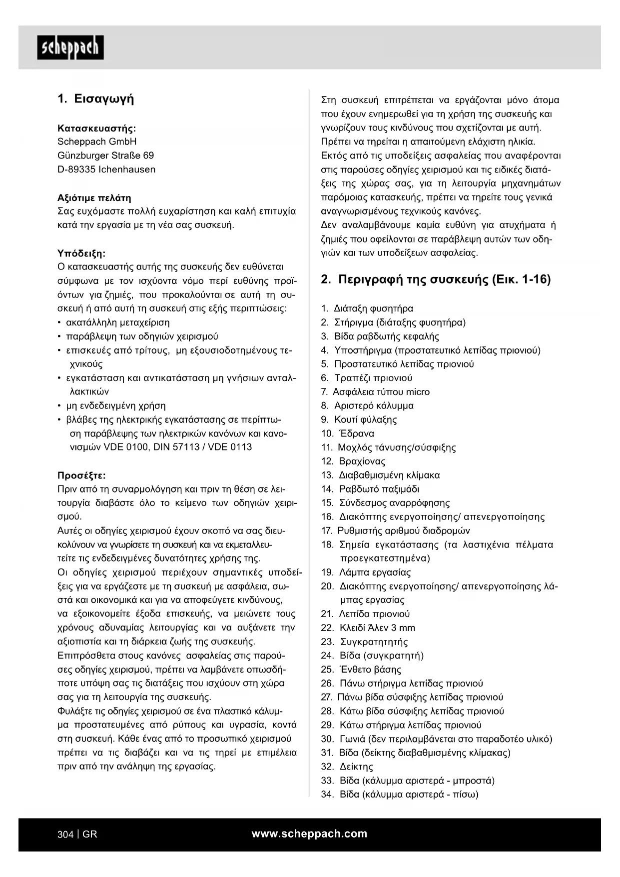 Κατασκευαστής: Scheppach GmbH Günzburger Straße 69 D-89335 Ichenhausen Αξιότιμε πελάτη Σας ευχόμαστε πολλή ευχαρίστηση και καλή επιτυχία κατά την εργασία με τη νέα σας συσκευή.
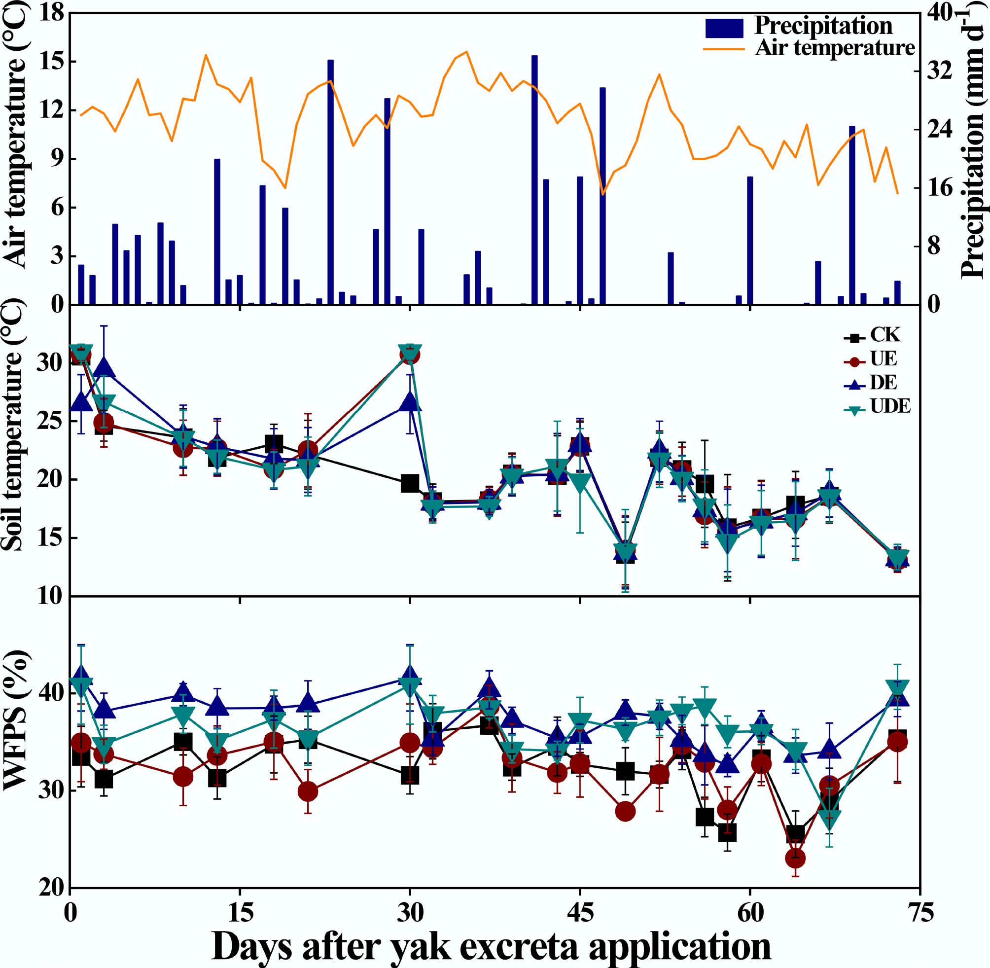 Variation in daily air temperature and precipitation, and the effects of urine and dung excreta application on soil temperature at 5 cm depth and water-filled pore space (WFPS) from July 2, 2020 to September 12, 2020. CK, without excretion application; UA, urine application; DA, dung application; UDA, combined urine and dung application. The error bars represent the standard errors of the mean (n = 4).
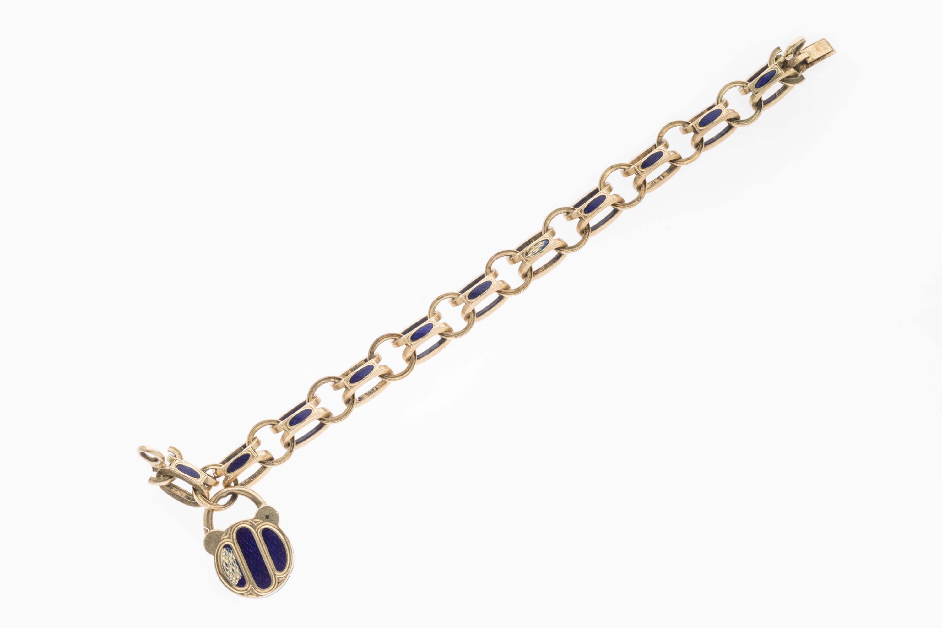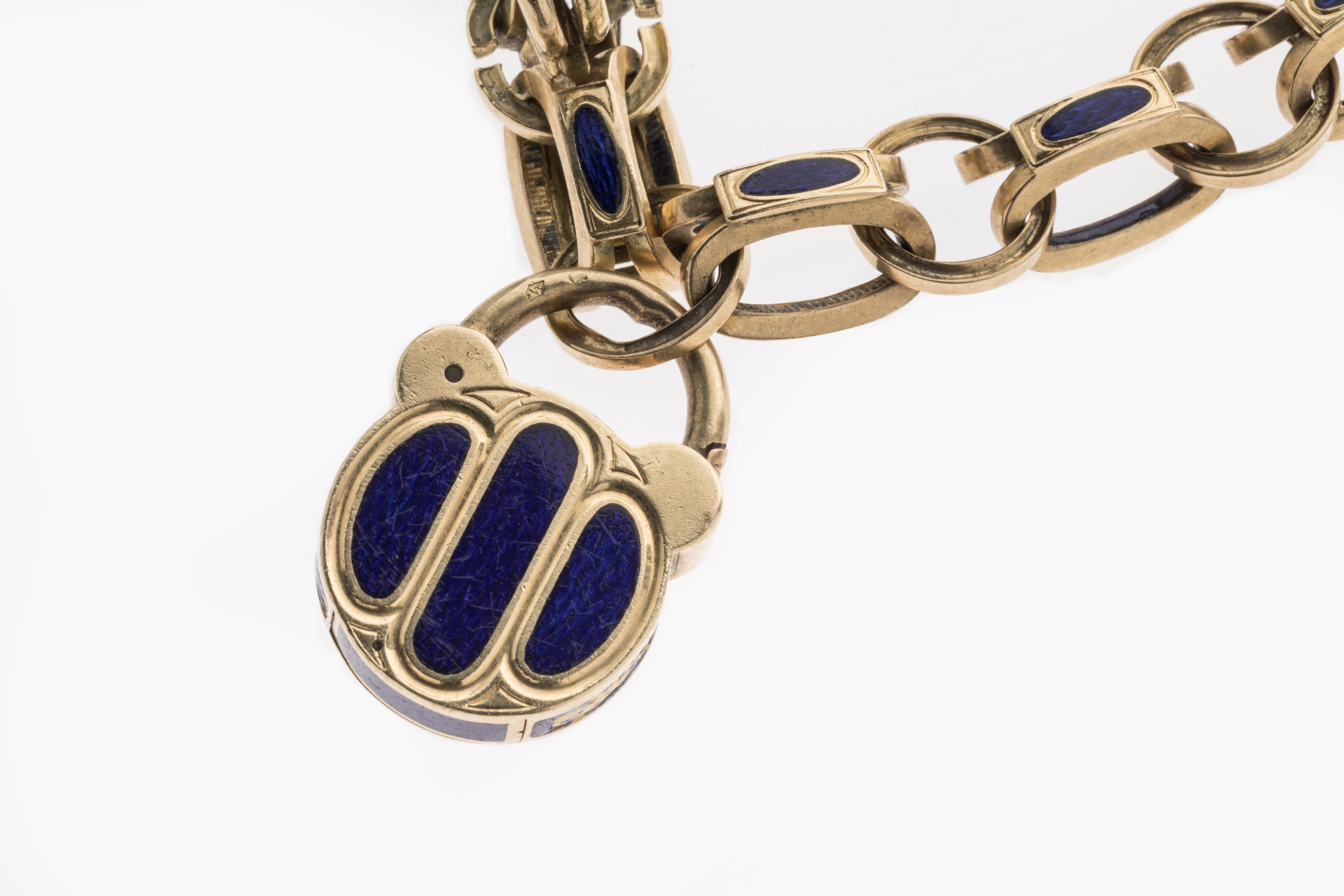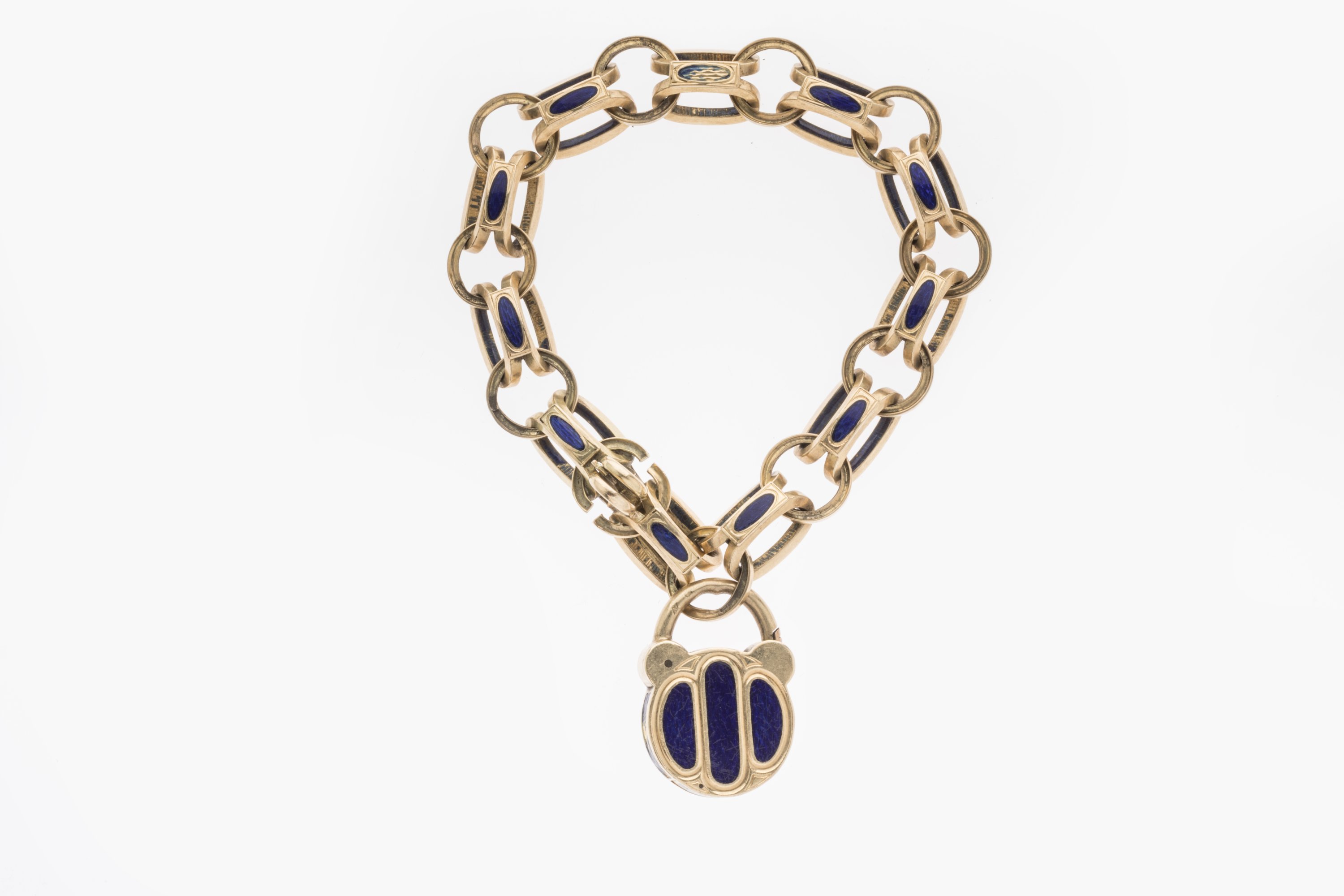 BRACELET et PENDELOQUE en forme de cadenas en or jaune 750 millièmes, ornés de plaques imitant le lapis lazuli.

□ □ □

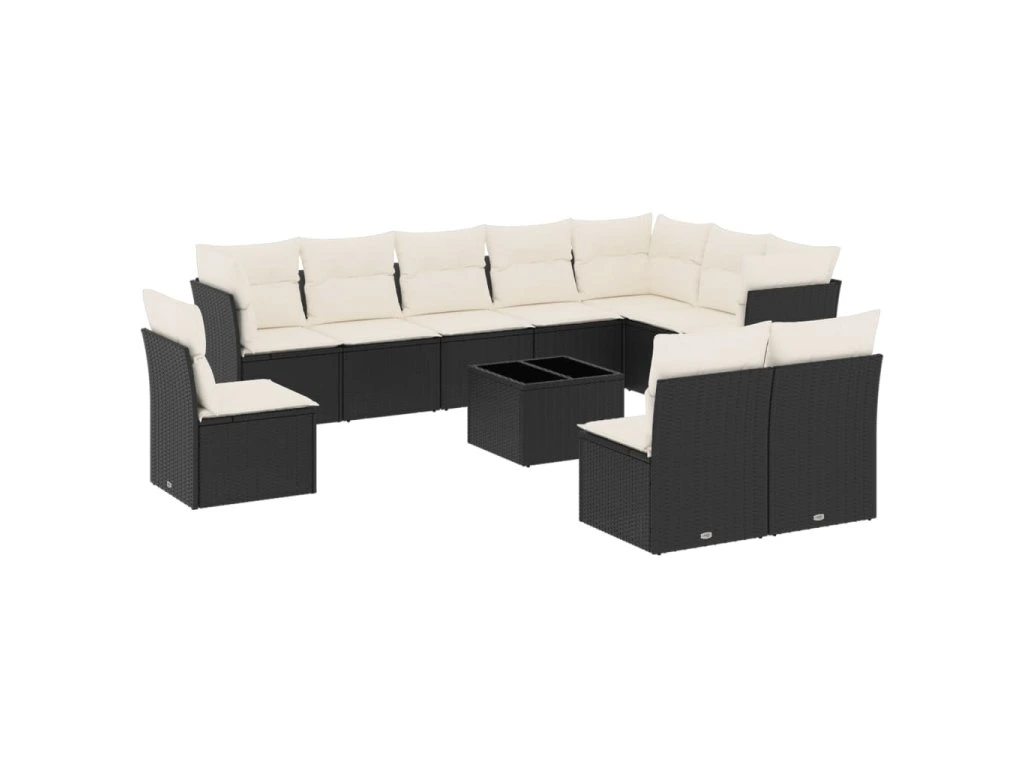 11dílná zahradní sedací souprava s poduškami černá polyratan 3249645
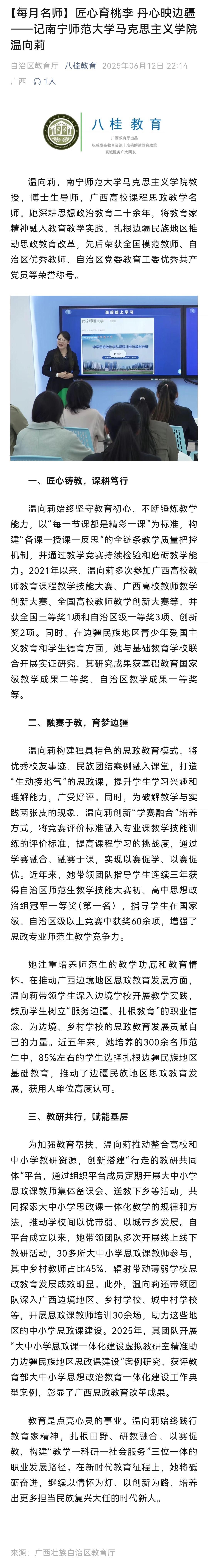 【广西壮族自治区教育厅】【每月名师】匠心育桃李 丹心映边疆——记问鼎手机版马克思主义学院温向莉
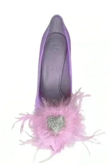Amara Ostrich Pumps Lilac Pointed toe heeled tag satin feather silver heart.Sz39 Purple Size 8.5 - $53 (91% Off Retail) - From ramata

□ □ □

* [Exercise brief]:
In the data above, start at the line holding "Κατασκευαστής: Scheppach GmbH" and stop after the line holding "BRACELET et PENDELOQUE"; write out those lines exactly, without pictures.

* [Result]:
 Κατασκευαστής: Scheppach GmbH Günzburger Straße 69 D-89335 Ichenhausen Αξιότιμε πελάτη Σας ευχόμαστε πολλή ευχαρίστηση και καλή επιτυχία κατά την εργασία με τη νέα σας συσκευή.
 Variation in daily air temperature and precipitation, and the effects of urine and dung excreta application on soil temperature at 5 cm depth and water-filled pore space (WFPS) from July 2, 2020 to September 12, 2020. CK, without excretion application; UA, urine application; DA, dung application; UDA, combined urine and dung application. The error bars represent the standard errors of the mean (n = 4).
 BRACELET et PENDELOQUE en forme de cadenas en or jaune 750 millièmes, ornés de plaques imitant le lapis lazuli.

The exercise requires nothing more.